Gegensätzlicher können sie dabei gar nicht sein: Der weiße Superheld und sein schwarzer Gegenpart SUPER A. In einer Rauminstallation und einer Serie von Porträts greift Evil Knievel nicht nur Ideale der amerikanischen Gesellschaft auf, sondern fragt vielmehr nach unserer Identität schlechthin. In schonungsloser Weise konfrontiert er uns mit seinen Vorstellungen des Fremden und Andersartigen.
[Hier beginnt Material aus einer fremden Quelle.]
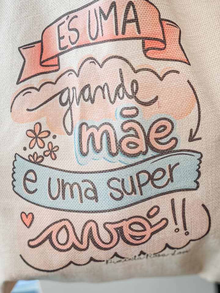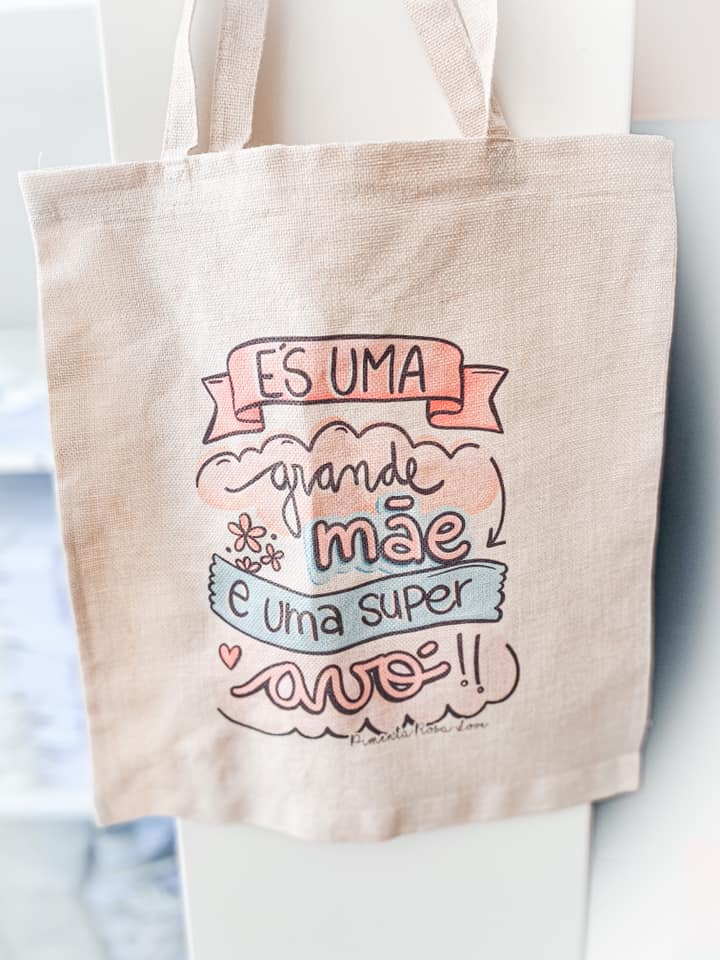 • Saco de tecido bege com texto colorido que diz ÉS UMA grande mãe e uma super avó!!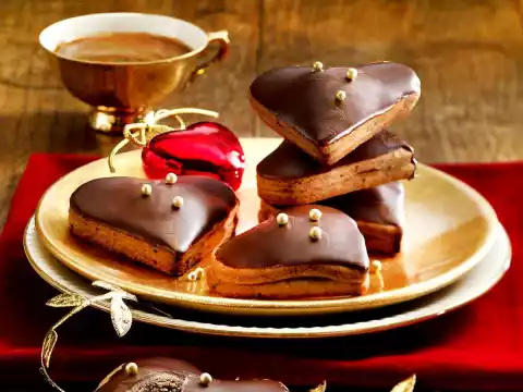 Chop the couverture separately. Melt dark chocolate coating with 25 g coconut oil, milk chocolate coating with 10 g coconut oil on two warm water baths. Pour the whole milk couverture into a small piping bag. Dip the hearts with the top side into the dark chocolate coating, drain and place on baking paper. In the middle of the hearts, draw a line with the lighter couverture, and draw through with a wooden skewer. Decorate with gold beads and leave to dry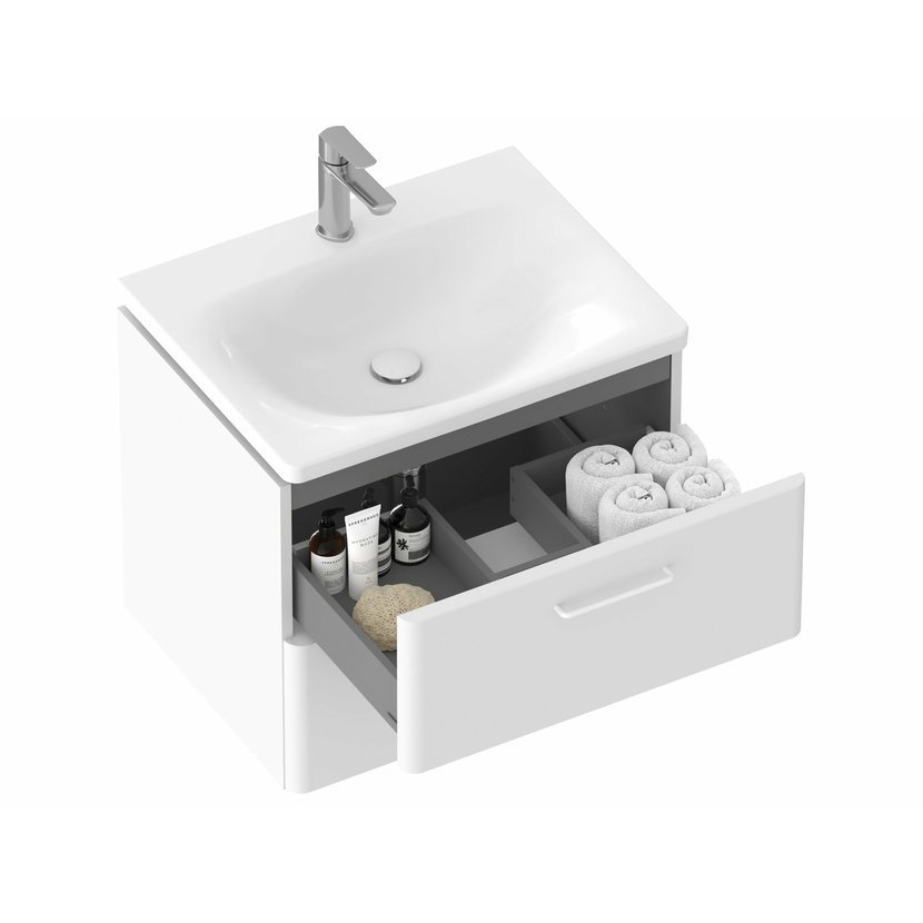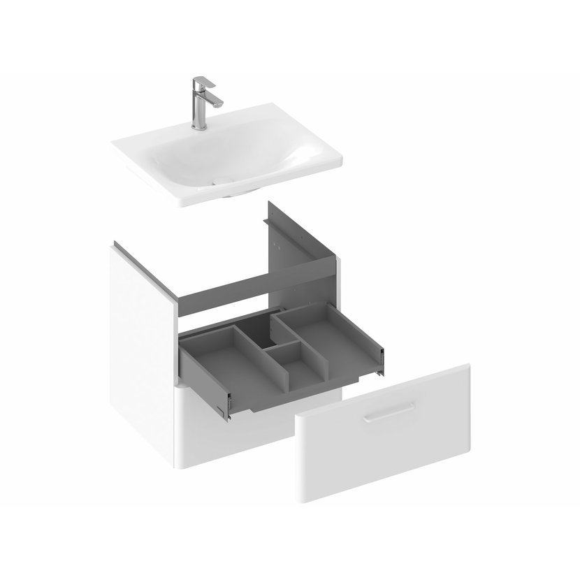 Vnitřní prostor skříňky je v barvě grafit. Dvě praktické zásuvky s pomalým dojezdem nabízí dostatek úložného prostoru. Skříňka má předvrtané otvory pro madla, která nejsou součástí skříňky a je nutné je dokoupit zvlášť ve 2 kusech. Na výběr jsou ve třech barevných provedeních - lesklý chrom, černá nebo bílá. Je určena pod zápustné umyvadlo Balance 60 bez přepadu, doplněné umyvadlovým sifonem s pevnou výpustí. Skříňku lze doplnit také bílou deskou Balance 60 a umyvadlem na desku nebo deskou Balance 120, konzolí desky Balance/Comfort 120, bílým věšákem ručníků Balance II a umyvadlem na desku (např. řady Uni / Uni Slim). Dvě skříňky vedle sebe lze doplnit deskou Balance 120 a získat tak velkorysý úložný prostor i odkládací plochy. Dodáváno ve smontovaném stavu včetně montážní sady (šrouby, panty, záslepky). Skříňka je montována na zeď. Pro ucelené řešení a designový soulad koupelny doporučujeme skříňku SD Balance 60 kombinovat s ostatními výrobky řady Balance II.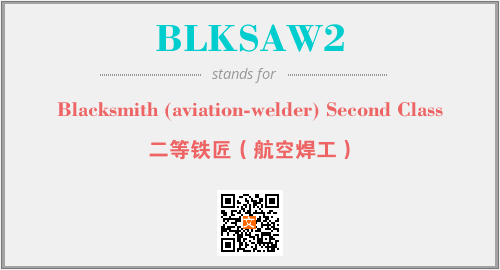英文缩略词“BLKSAW2”经常作为“Blacksmith (aviation-welder) Second Class”的英文缩写来使用,中文表示:“二等铁匠(航空焊工)”。本文将详细介绍英文缩写词BLKSAW2所代表英文单词,其对应的中文拼音、详细解释以及在英语中的流行度。此外,还有关于缩略词BLKSAW2的分类、应用领域及相关应用示例等。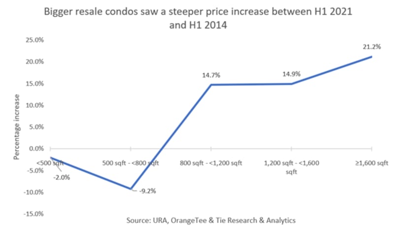 Over the last seven years, the median price of large resale condominiums larger than 1,200 sqft rose between 14.9 and 21.2 per cent from H1 2014 to H1 2021, a stark difference from smaller units below 800 sqft which saw a 2 to 9.2 per cent decrease.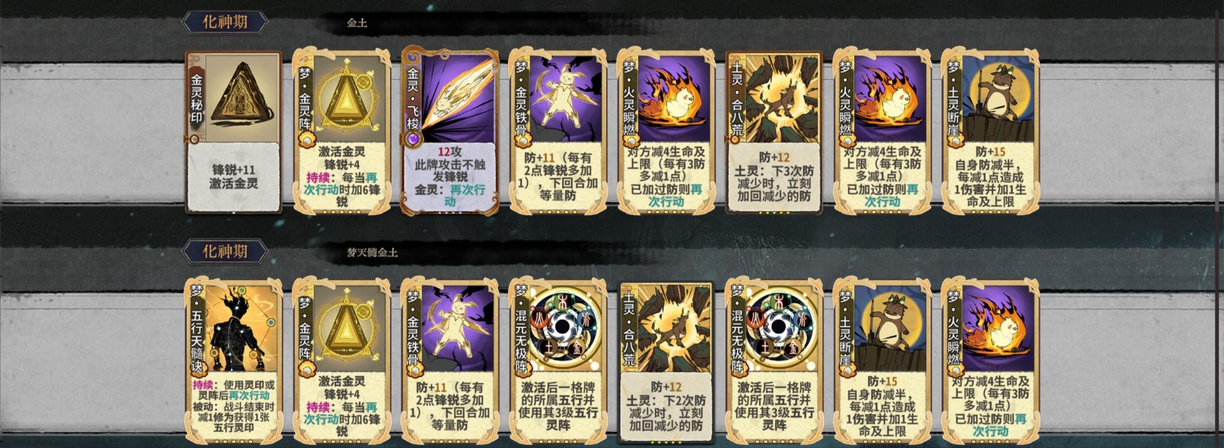 金土的核心是金印、梦金阵、梦铁骨和梦断崖,金印和梦金阵给的高初始锋锐和梦铁骨的高数值,和梦断崖打出好的配合,有梦铁骨和梦断崖可以考虑构筑。
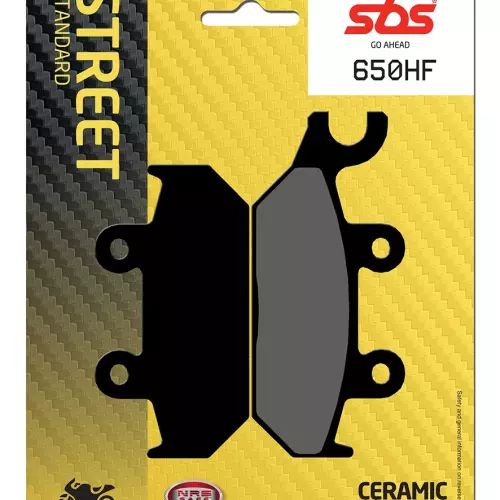 Set of brake pads SBS 650HF from the Street Organique range, ideal for replacing your original pads to provide stable braking, a high level of comfort, long life and disc protection in wet and dry conditions for motorbikes and scooters.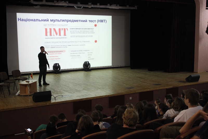 Артем Ущаповський познайомив гімназистів із особливостями вступної кампанії 2024 та надав цінні лайфхаки, що допоможуть підвищити конкурсний бал при вступі – участь у Всеукраїнських учнівських олімпіадах НУХТ у 2024 році та підготовка до НМТ на підготовчих курсах університету.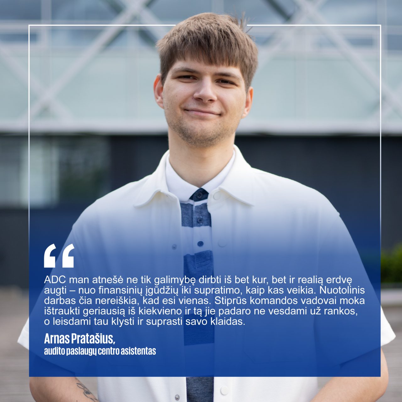 Čia kiekvienas gali pradėti savo karjerą, būti savimi ir jaustis svarbia komandos dalimi. Mūsų stipri komandos dvasia leidžia mokytis iš skirtingų patirčių, dalintis žiniomis ir kartu kurti vertę reikšminguose audito projektuose.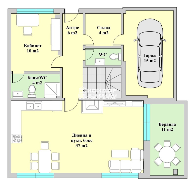 Цената включва завършване до Акт 16 - ВиК инсталация, Ел и ОВ инсталации, мазилка на стените, външна мазилка с висококачествена топлоизолация, PVC дограма цвят тъмно сив със стъклопакет 4 сезона.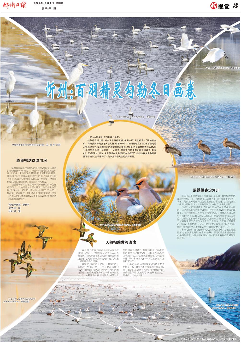 初冬的忻州大地,褪去了秋日的斑斕,卻因一群“靈動的客人”而煥發(fā)生機(jī)。河曲黃河的流凌與天鵝共舞,保德朱家川河的白鷺輕點水面,神池濕地的天鵝梳理羽毛,定襄滹沱河的臉譜鴨掠過沼澤,靜樂汾河川的黑鸛休憩覓食,原平水庫的白天鵝引頸高歌……近年來,隨著忻州市生態(tài)環(huán)境持續(xù)改善,各縣(市、區(qū))的濕地、河流、水庫逐漸成為鳥類的“越冬樂園”,各類珍稀鳥類種群數(shù)量不斷增加,生動詮釋了人與自然和諧共生的美好圖景。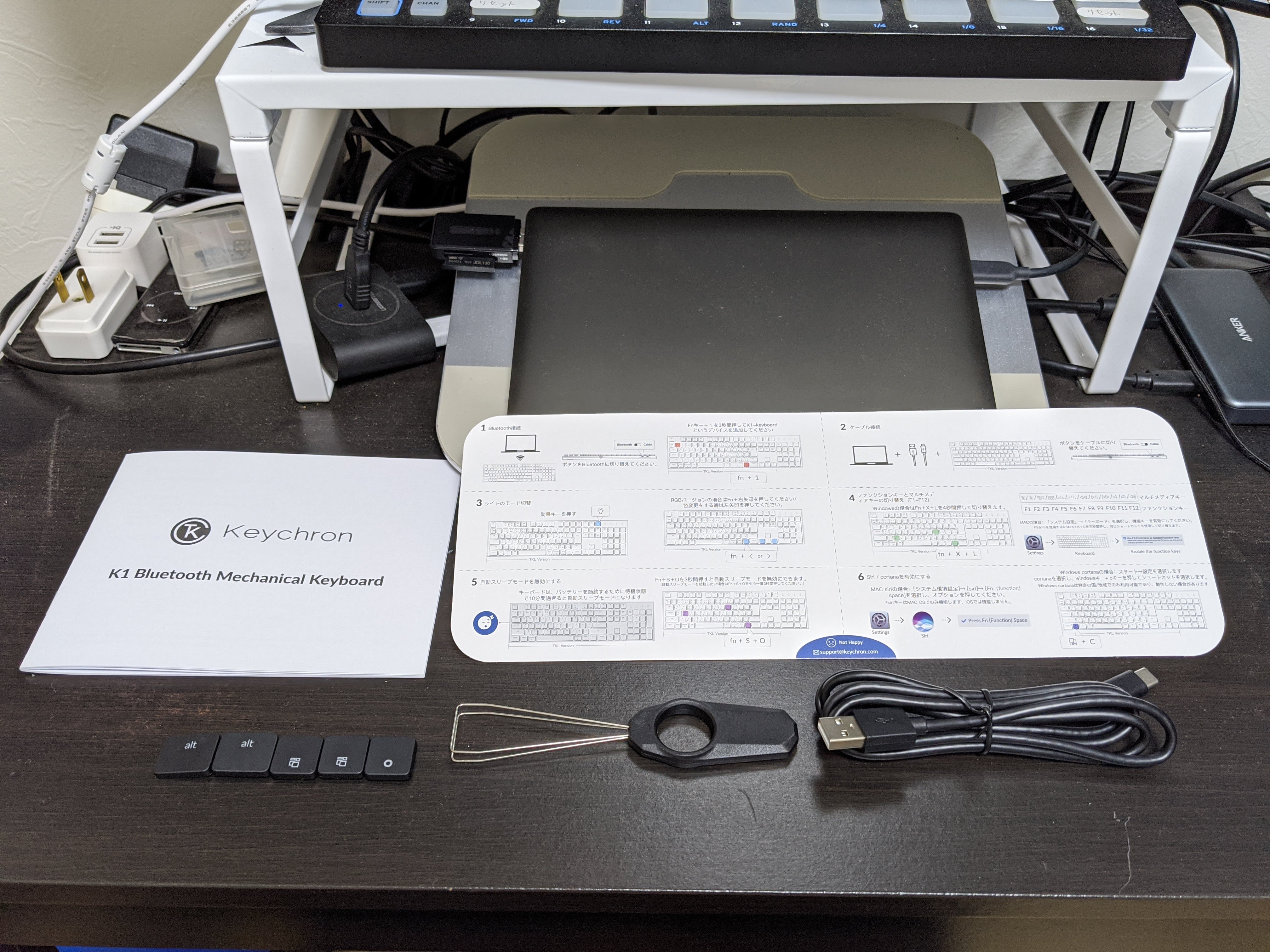 今までパンタグラフ式のキーボードを好んで使っていたのですが、K1はメカニカルで光るのにかな表記有りというので物は試しと出資しておきました。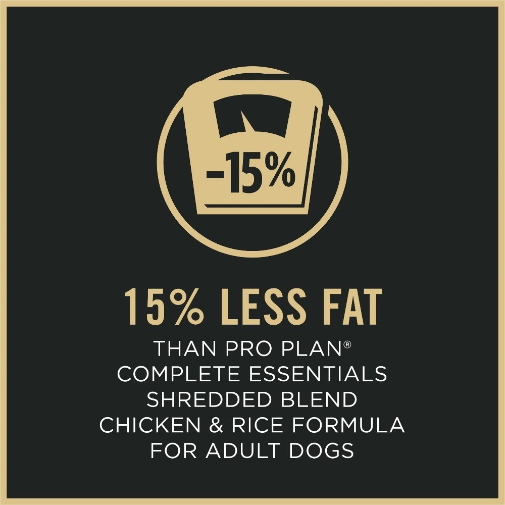 Support your dogs weight management goals with Weight Management Dry Dog Food, Shredded Chicken and Rice. This high-protein dry dog food is crafted to help maintain lean muscle mass while providing a taste dogs love, thanks to real chicken dog food as the first ingredient. The unique shredded dog food blend combines crunchy kibble with tender, meaty pieces, creating a texture dogs enjoy. With 15 percent less fat than dog food, this healthy weight dog food offers a balanced approach to weight management without compromising on flavor or nutrition. Fortified with live dog probiotics, this dog food supports digestive and immune health, helping to nourish a balanced gut microbiome. A precise blend of fiber and key nutrients helps promote satiety, keeping dogs feeling satisfied between meals. This dog food healthy weight formula provides complete and balanced nutrition, ensuring your dog gets essential vitamins and minerals to support overall well-being. Designed for adult dog food, dog food includes high-quality protein to support muscle maintenance while delivering a wholesome meal. Whether your dog needs to shed a few pounds or maintain an ideal body condition, this weight management dog food helps support an active lifestyle. Choose Weight Management Dry Dog Food, Shredded Chicken and Rice to give your dog the nutrition he needs to stay strong, healthy, and happy Weight Management Dry Dog Food supports healthy weight maintenance with high-quality ingredients. Shredded dog food formula combines crunchy kibble and tender pieces for a texture dogs love. Made with real chicken dog food as the first ingredient to provide high-quality protein for lean muscle support. Fortified with dog probiotics to promote digestive and immune health. Spoil your pet with products. Reward yourself with points on every purchase. Download the my app today.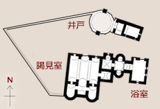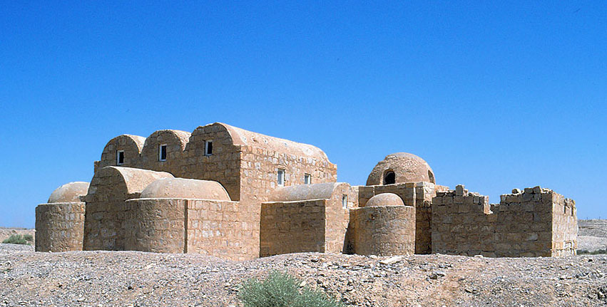 クサイル・アムラ「砂漠の城館」の浴場、715年、ヨルダン 建物全体は ほとんど開口部がなく、きびしい表情と 飾り気のない 幾何学立体の外観を見せている。 クサイル・アムラの平面図 (From "A Short Account of Early Muslim Architecture" by KAC Creswell, 1989) ハリーファ・ワリード1世によって建てられた。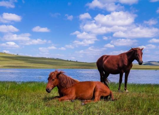湖边,几匹异常骏美的马,在那里一动不动的休息。好比天然的模特,引得我们频频拍照。打听当地人说:这里其实禁止牧马,这是部队里的军马,偷跑出来这里吃草呢。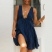 Exhibit your incredible style sense with this sexy and flirty dress. It comes with a solid color,the backless and deep v-neck design can express your sexy and alluring sense. And the lace-up drawstring design at the waist part will make this piece look more attractive and distinctive. For the summer days,this dress can easily strike your mind.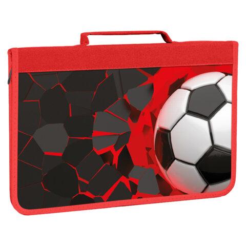 Папка на молнии BRAUBERG А4 с ручкой, с органайзером, 1 отделение, "Black football", 270992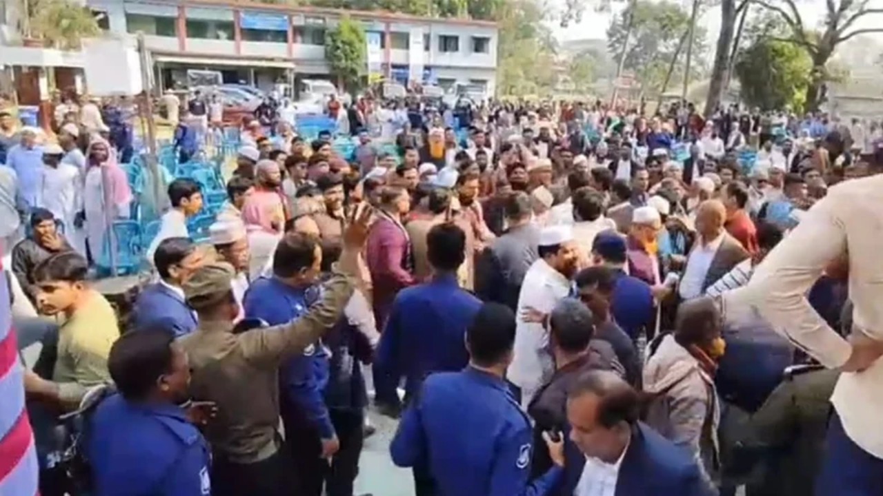 তার এ বক্তব্য শোনার সঙ্গে সঙ্গে উপস্থিত সাধারণ মানুষ ও জামায়াত সমর্থিত লোকজন ক্ষুব্ধ প্রতিক্রিয়া জানায়। মুহূর্তের মধ্যে পরিস্থিতি উত্তপ্ত হয়ে ওঠে এবং স্লোগান-পাল্টা স্লোগান শুরু হয়। পরে পুলিশের পাহারায় জাতীয় পার্টির প্রার্থীকে উপজেলা চত্বর থেকে সরিয়ে নেওয়া হয়।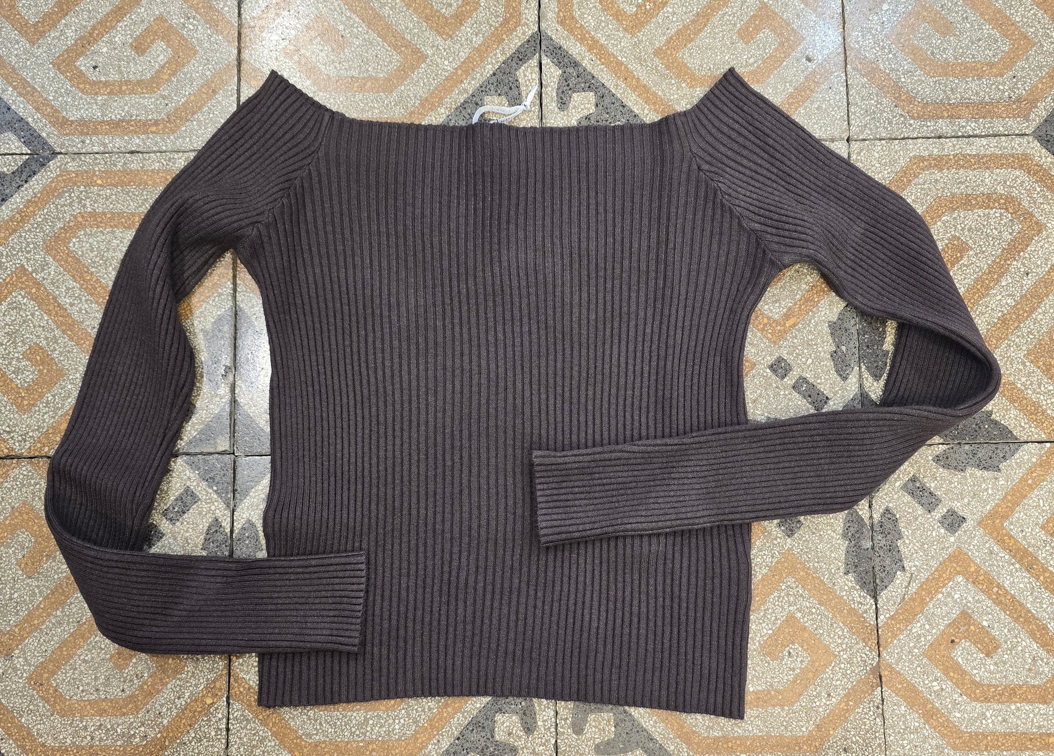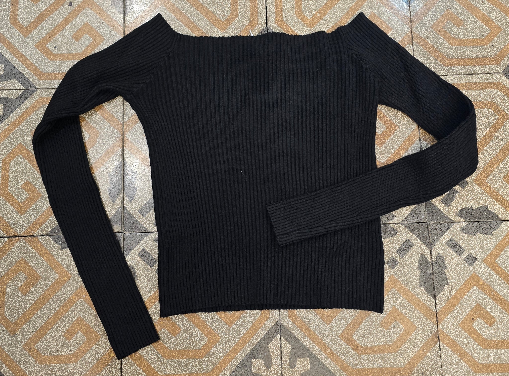 Femminilità trendy che esalta le spalle! Questa maglia a costine corta con scollo barca è perfetta per look moderni e slancianti.

Mit der Ausstellung "Super A" eröffnet der Kunstverein sein Jahresprogramm 2006 unter dem Titel "In Szene gesetzt". In fünf Ausstellungen und begleitenden Veranstaltungen werden unterschiedliche Strategien künstlerischer Inszenierungen zur Diskussion gestellt. So geht es unter anderem um Themen wie die Inszenierung von Superstars, die Reflexion von Selbstinszenierungen, filmische Inszenierungen oder die Inszenierung von sozialem Stadtraum. Bei allen diesen Veranstaltungen stehen die Bühnen selbst, die diesen Inszenierungen Raum bieten, im Vordergrund und werden gleichsam "in Szene gesetzt".

20.4.06 – 18.6.06, Einzelausstellung

Viola Yesiltac: In rest of the room

Die Künstlerin Viola Yesiltac (*1975 in Hannover, lebt in London) erwarb 2005 ihr Diplom an der Hochschule f. Bildende Künste in Braunschweig bei Marina Abramovic. Anschließend nahm sie ihr MA-Studium am Royal College of Art in London / Abt. Fotografie auf, für das sie kürzlich das DAAD-Stipendium erhielt. In ihrer ehemaligen Heimatstadt Langenhagen zeigt der Kunstverein die erste institutionelle Einzelausstellung von Viola Yesiltac in Deutschland.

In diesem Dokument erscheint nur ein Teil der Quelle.